PROBLEM TO WORK ON » From the first line of the data through the line containing "With flapping Hummingbird + animated Water", transcribe each line exactly. Pictures do not belong in the copy.

DATA »
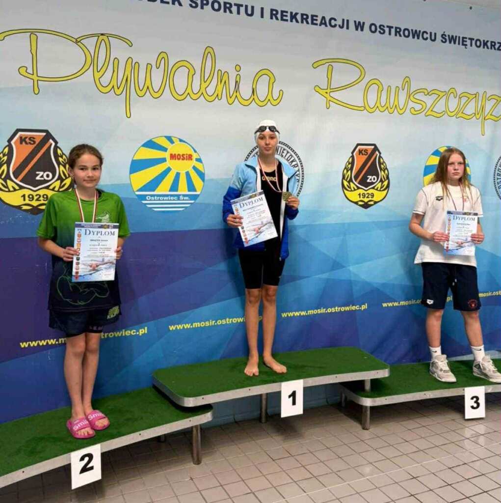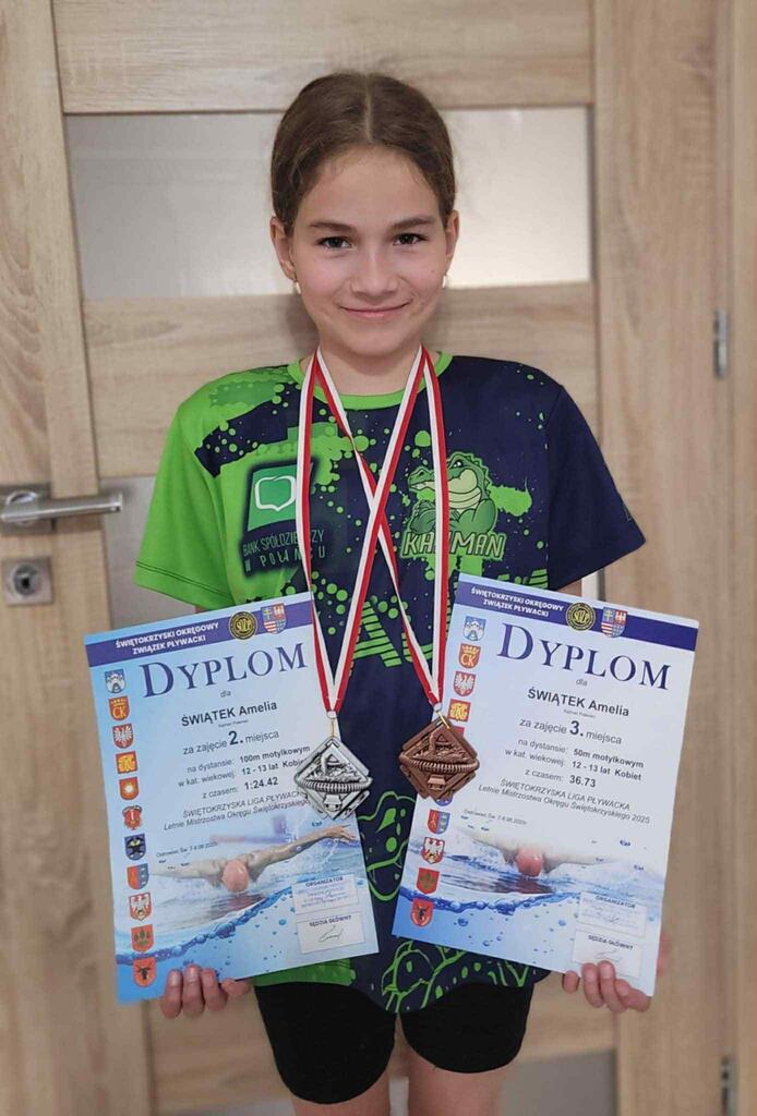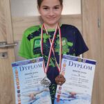 W zeszłym tygodniu odbyły się Letnie Mistrzostwa Okręgu Świętokrzyskiego w pływaniu w Ostrowcu Świętokrzyskim. W zawodach wystartowało blisko 150 zawodników z 10 klubów pływackich. Wśród zawodników znalazła się również nasza uczennica Amelia Świątek z klasy V, która trenuje w klubie Kajman w Połańcu. Zawodnicy startowali z podziałem na kategorie wiekowe 12/13 lat, 14/16 lat oraz Open. Amelia zdobyła dwa medale srebrny oraz brązowy w kategorii:
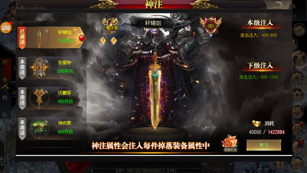 2、激活升级后的属性会在拾取掉落的装备后直接注入到每件装备中来提升装备属性
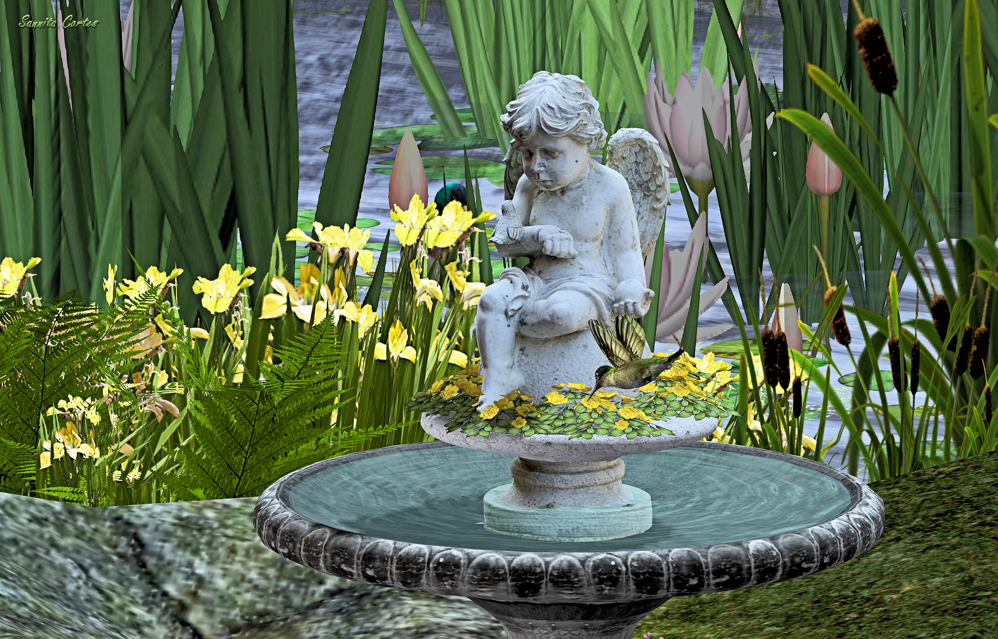 With flapping Hummingbird + animated Water
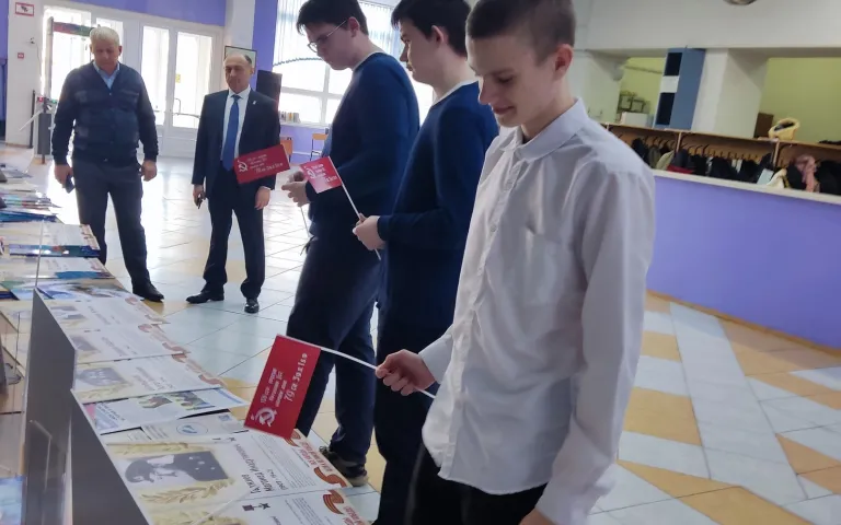 Ребята с большим интересом относятся к этому событию: внимательно изучают выставку перед начало мероприятия, затем, в ходе презентации, вдумчиво смотрят видеохронику и слушают выступления участников молодежного актива, которые рассказывают о Героях Советского Союза разных национальностей.

RESULT »
 W zeszłym tygodniu odbyły się Letnie Mistrzostwa Okręgu Świętokrzyskiego w pływaniu w Ostrowcu Świętokrzyskim. W zawodach wystartowało blisko 150 zawodników z 10 klubów pływackich. Wśród zawodników znalazła się również nasza uczennica Amelia Świątek z klasy V, która trenuje w klubie Kajman w Połańcu. Zawodnicy startowali z podziałem na kategorie wiekowe 12/13 lat, 14/16 lat oraz Open. Amelia zdobyła dwa medale srebrny oraz brązowy w kategorii:
 2、激活升级后的属性会在拾取掉落的装备后直接注入到每件装备中来提升装备属性
 With flapping Hummingbird + animated Water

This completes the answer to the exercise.